Pictures found in the material must be left out, and every line returned as written.

_DATA_
====

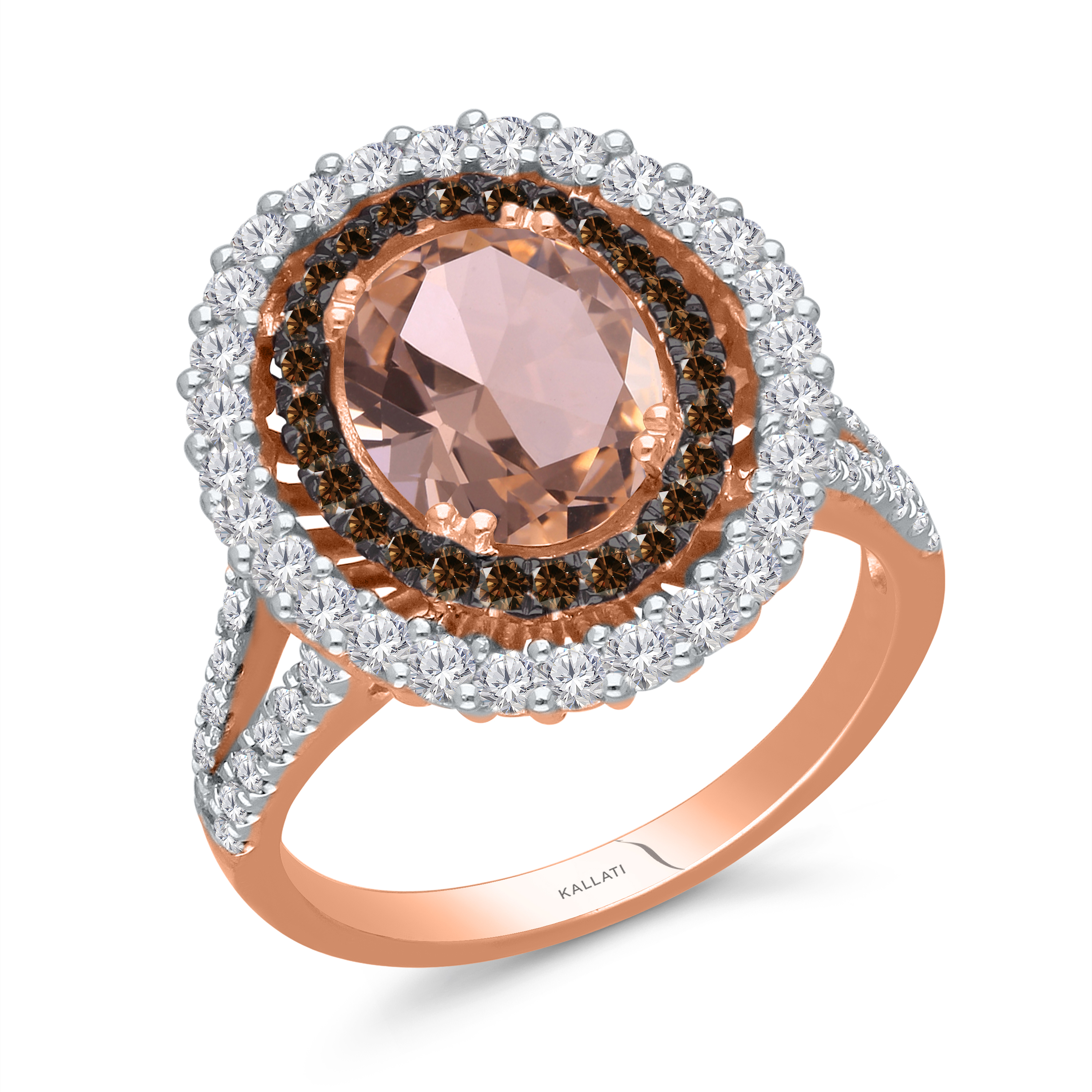 14K ROSE GOLD MORGANITE & COCO DIAMOND WITH WHITE DIAMOND RING
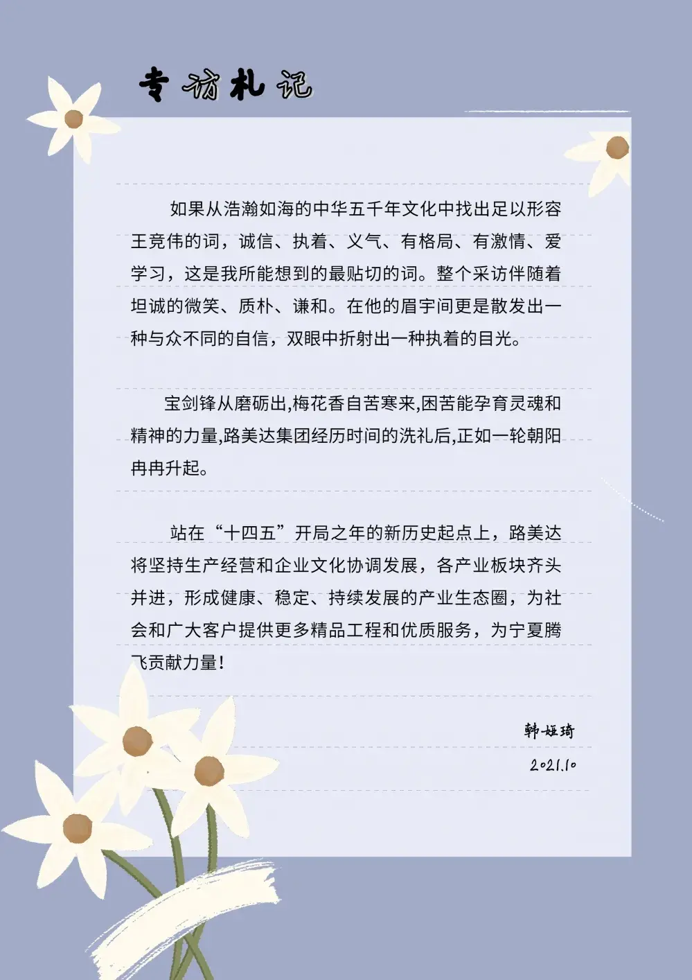 “父母亲勤劳与忠厚朴实的秉性,从小起就影响着我,教育着我,成了我这辈子取之不尽的精神食粮。要创造幸福生活,全靠自己的双手,这也是我人生最早的领悟。创业之初,我认识了一些干工程的朋友,于是就想着‘兄弟同心,其力断金’,大家一起同心协力做出点成绩,一方面兄弟们可以改善家庭生活质量。另一方面,我想闯一闯,体会不一样的人生。时至今日,我初衷不改,企业发展的同时也给兄弟们带来了更好的生活,好多当初跟我一起从家乡走出来的兄弟在银川安家扎根,把父母也接到了城里共享天伦,我觉得这是我除了路美达以外的另一项成绩和骄傲。”回想创业之初,王竞伟笑着告诉我。我从他的笑容中仿佛看到了那段艰难岁月,他和兄弟们一步一个脚印,不忘初心,砥砺奋进的身影。
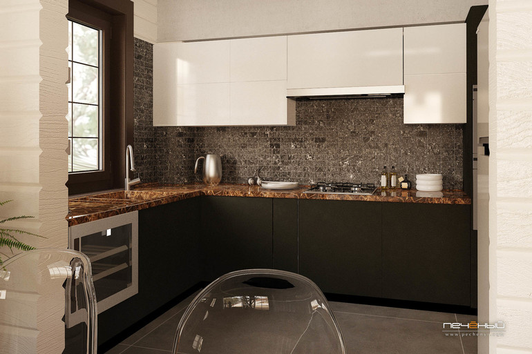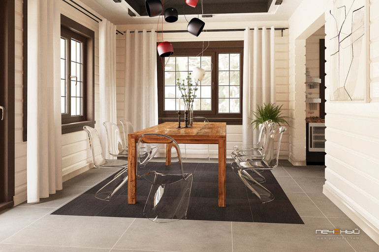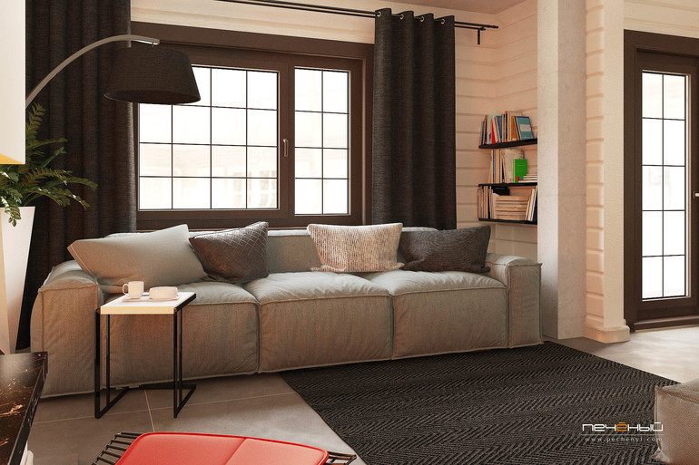 Почему-то, когда люди слышат про дизайн деревянного дома, они часто представляют себе какую-то баню с брусчатыми стенами. Дерево - очень мощная текстура, и четыре деревянные стены могут тяжело восприниматься визуально. В кухне-гостиной мы использовали светлую покрывную краску для брусьев, чтобы избежать эффекта давления и поддержать современный стиль. Из этих же соображений, кстати, стена за камином покрыта декоративной штукатуркой под бетон.

====

_SOLUTION_
 14K ROSE GOLD MORGANITE & COCO DIAMOND WITH WHITE DIAMOND RING
 “父母亲勤劳与忠厚朴实的秉性,从小起就影响着我,教育着我,成了我这辈子取之不尽的精神食粮。要创造幸福生活,全靠自己的双手,这也是我人生最早的领悟。创业之初,我认识了一些干工程的朋友,于是就想着‘兄弟同心,其力断金’,大家一起同心协力做出点成绩,一方面兄弟们可以改善家庭生活质量。另一方面,我想闯一闯,体会不一样的人生。时至今日,我初衷不改,企业发展的同时也给兄弟们带来了更好的生活,好多当初跟我一起从家乡走出来的兄弟在银川安家扎根,把父母也接到了城里共享天伦,我觉得这是我除了路美达以外的另一项成绩和骄傲。”回想创业之初,王竞伟笑着告诉我。我从他的笑容中仿佛看到了那段艰难岁月,他和兄弟们一步一个脚印,不忘初心,砥砺奋进的身影。
 Почему-то, когда люди слышат про дизайн деревянного дома, они часто представляют себе какую-то баню с брусчатыми стенами. Дерево - очень мощная текстура, и четыре деревянные стены могут тяжело восприниматься визуально. В кухне-гостиной мы использовали светлую покрывную краску для брусьев, чтобы избежать эффекта давления и поддержать современный стиль. Из этих же соображений, кстати, стена за камином покрыта декоративной штукатуркой под бетон.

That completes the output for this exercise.